Un moodboard aligne votre équipe sur la direction visuelle avant que le vrai travail ne commence. Voici comment en créer un qui guide réellement votre projet, étape par étape.

Ce qu'est vraiment un moodboard

Un moodboard est une collection organisée de références visuelles qui communiquent l'apparence, l'ambiance et le ton d'un projet. Il peut inclure des images, des palettes de couleurs, des échantillons typographiques, des textures, des clips vidéo, des illustrations, des photographies, ou tout ce qui capture la direction esthétique que vous visez. Le mot clé est « organisée ». Un moodboard n'est pas un dossier de 500 images sauvegardées depuis Pinterest. C'est une sélection délibérée de 15 à 30 références qui, prises ensemble, racontent une histoire visuelle cohérente. Chaque élément du tableau devrait avoir sa raison d'être, et si quelqu'un regardait le tableau sans aucune explication, il devrait percevoir clairement l'ambiance du projet. Les moodboards sont utilisés partout : agences de branding, production cinématographique, design d'intérieur, développement de jeux vidéo, mode, web design, design produit. Tout domaine créatif où la direction visuelle compte, c'est-à-dire pratiquement tous, bénéficie de commencer par un moodboard.
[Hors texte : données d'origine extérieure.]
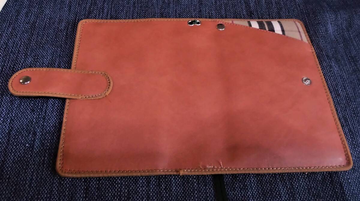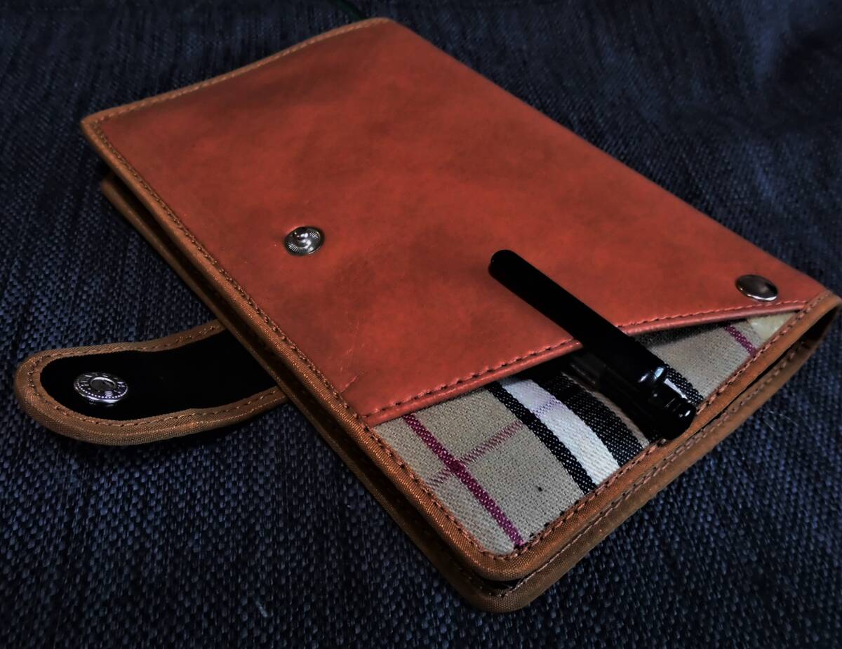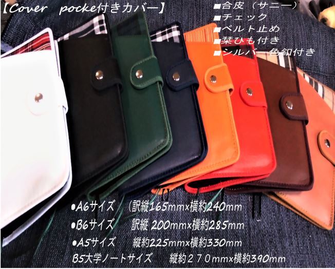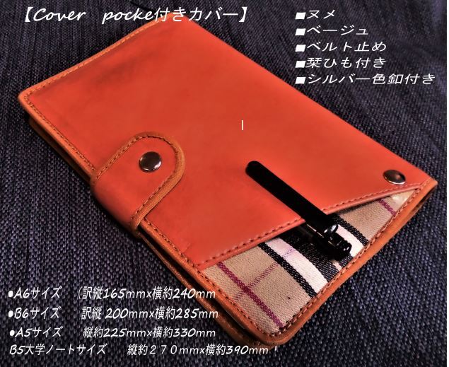A5サイズ【Cover pocke付きノートカバー】ベルト付き■合皮/チェック■ヌメ/ベージュ
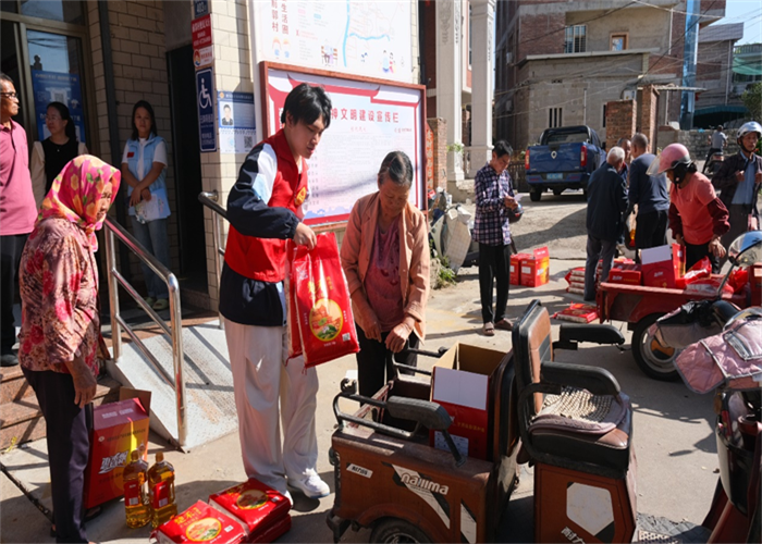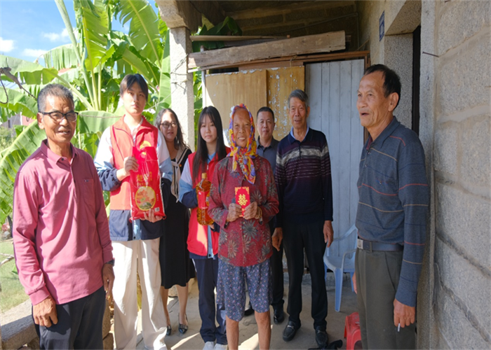 前郭村委會(huì)廣場(chǎng)上早已人聲鼎沸,舞蹈與煙花交織出濃濃的節(jié)日氣氛。人群中,我校志愿者們的身影格外醒目。他們俯身與老人交談,細(xì)心遞上物品,認(rèn)真傾聽(tīng)他們的家常,關(guān)切詢問(wèn)健康狀況與生活起居,將青年一代的敬意與關(guān)懷,化作一句句溫暖問(wèn)候,傳遞到每位老人心中。
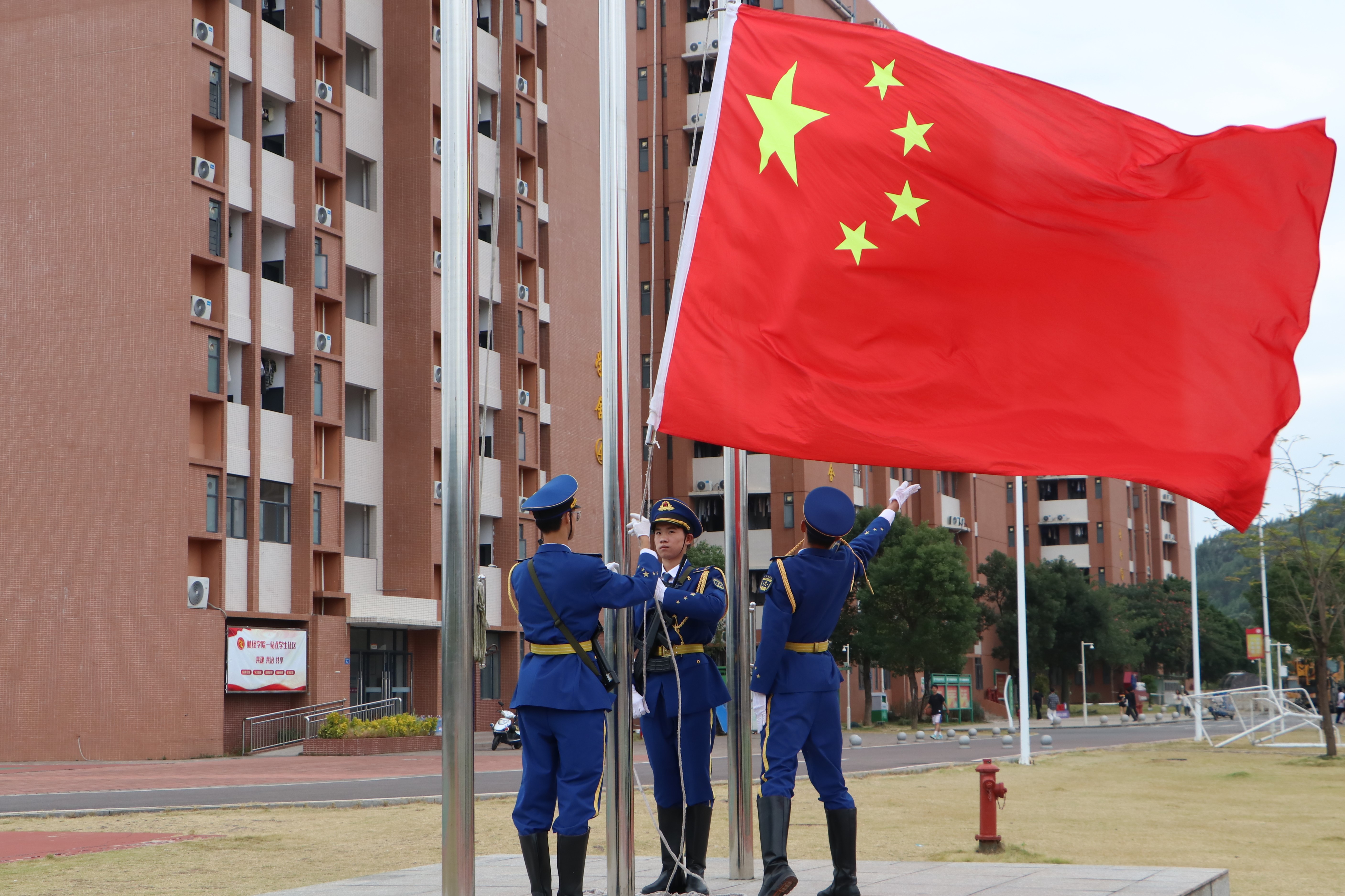 随着行进曲奏响,国旗护卫队气宇轩昂地行进,鲜艳红旗迎风飘扬,全场激情洋溢,掌声雷动。
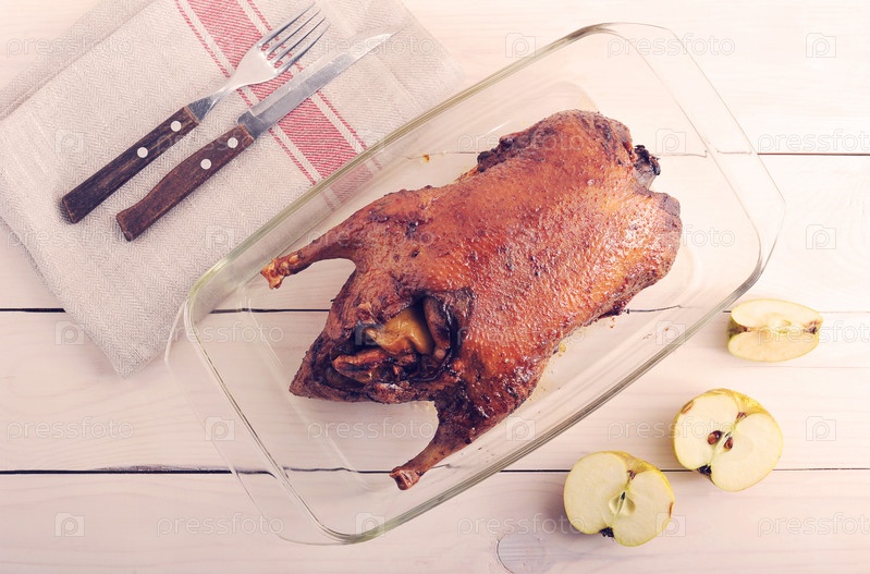 Жареная утка, фаршированная яблоками
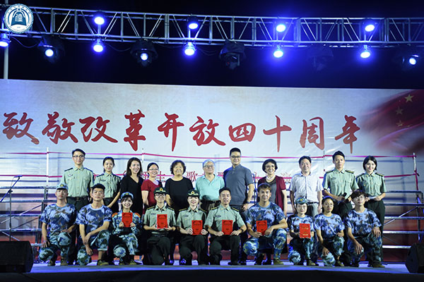 为弘扬爱国主义精神、致敬改革开放四十周年、陶冶我校新生思想情操,9月24日晚七点,“2018级新生军歌校歌歌咏展演决赛”于东区田径场隆重举行。
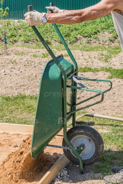 Мужчина держит тачку для перевозки песка
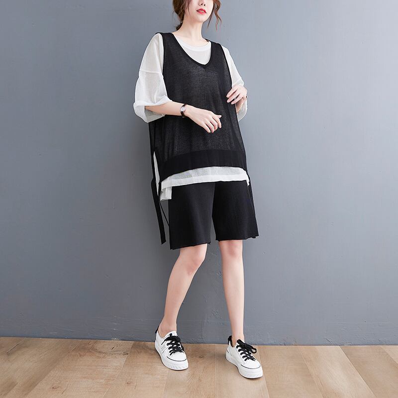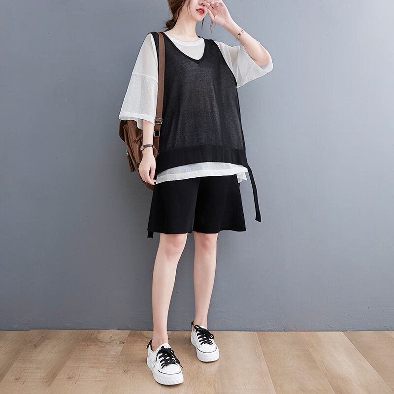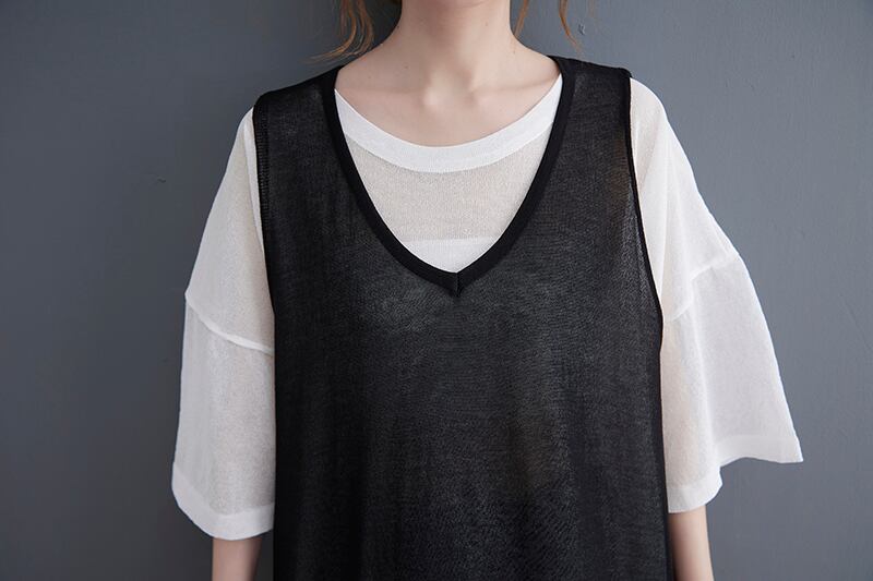 トップス ニットソー ベスト ノースリーブ Uネック ワイド 透け感 シースルー 伸縮性 サマーニット 大人可愛い きれいめ シンプル カジュアル 大人 おしゃれ お洒落 かっこいい 大人女子 こなれ感 ラフ ルーズ とろみ感 抜け感 春 夏 2022 10代 20代 30代 40代 50代 60代 レディース 女性用 ママ マタニティ 学生 通学 デート お出かけ 女子会 休日 アウトドア 重ね着 ファッション コーデ スタイル 定番 トレンド 流行 M L 黒 ブラック
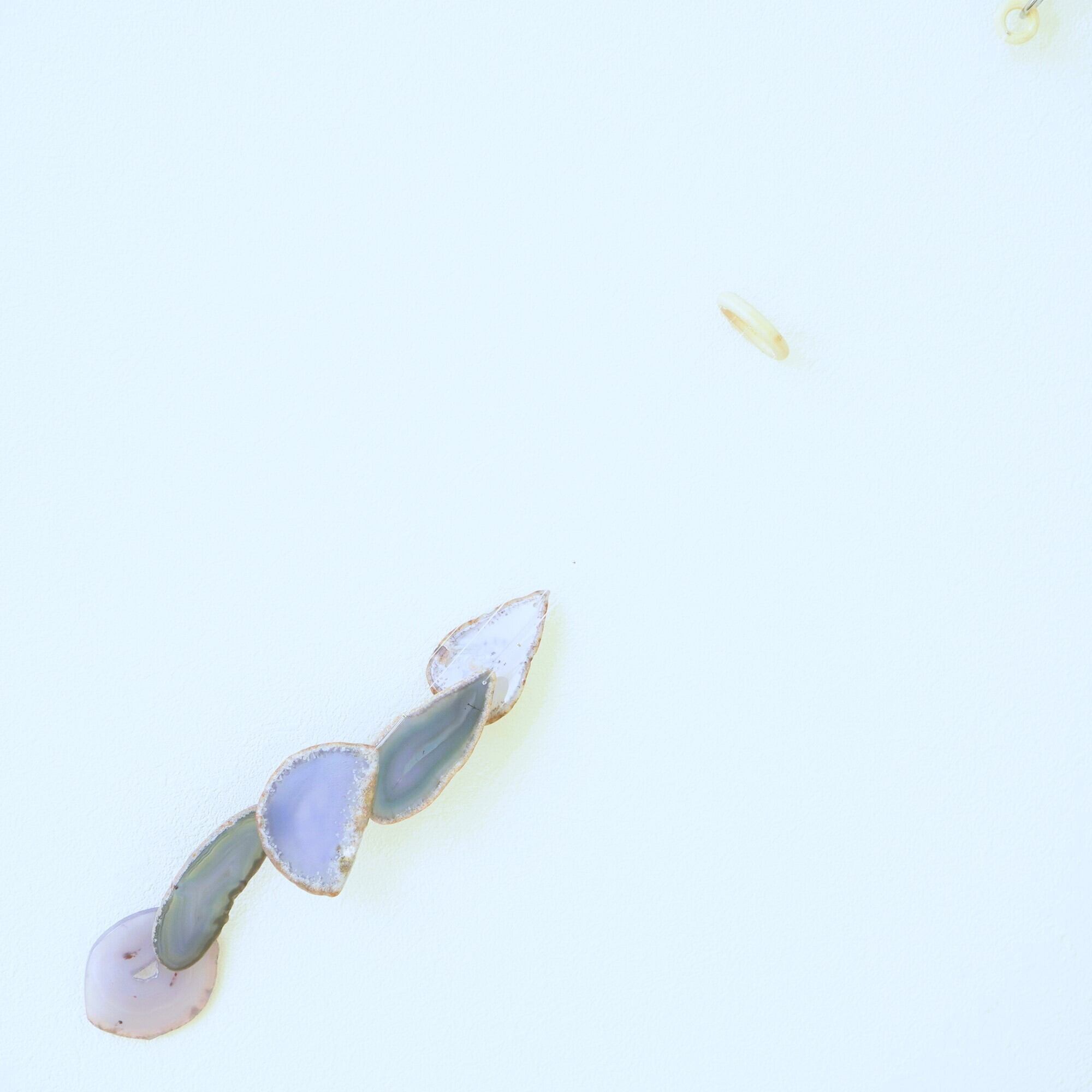 (瑪瑙の濃い色は染色によるもので、水に濡れたり布で擦ると多少色落ちします。飾るものなので大丈夫かと思いますが白いお洋服などには触れないようにされてください。また、画像のような細かなヒビ・カケはスライスメノウの加工上かなり多くあるので、チャイムとしての機能や全体の外観を著しく損なうものを除き、見た目の完璧さ<音色の響き重視で選んで使用しております、よろしくお願い致します)

Pourquoi chaque projet en bénéficie

Le problème le plus courant dans les projets créatifs est le désalignement. Vous dites « moderne et épuré » et vous imaginez quelque chose de minimaliste avec beaucoup d'espace blanc. Votre coéquipier entend les mêmes mots et imagine des formes géométriques audacieuses avec des couleurs vives. Les deux interprétations sont valides. Les deux sont « modernes et épurées ». Et vous ne découvrirez le décalage que lorsque quelqu'un aura déjà passé des heures à aller dans la mauvaise direction. Un moodboard élimine ce problème. Au lieu de décrire votre vision avec des mots ambigus, vous la montrez. Vous pointez vers des images spécifiques et dites « voici la palette de couleurs », « voici l'énergie que je veux », « voici le niveau de détail que nous visons ». Cela transforme une conversation subjective en quelque chose de concret. Même si vous travaillez seul, un moodboard vous garde cohérent. Trois mois dans un projet, vos instincts esthétiques vont dériver. Avoir un tableau de référence à consulter garantit que le travail que vous produisez au mois quatre correspond à celui que vous avez produit au mois un. C'est une ancre pour votre propre direction créative. Les moodboards font aussi gagner du temps. Il est nettement plus rapide de rassembler des références et de s'aligner sur une direction que de produire un travail fini, de recevoir un retour disant « ce n'est pas ce que j'avais en tête » et de recommencer. Trente minutes à construire un moodboard peuvent vous faire économiser trente heures de révisions.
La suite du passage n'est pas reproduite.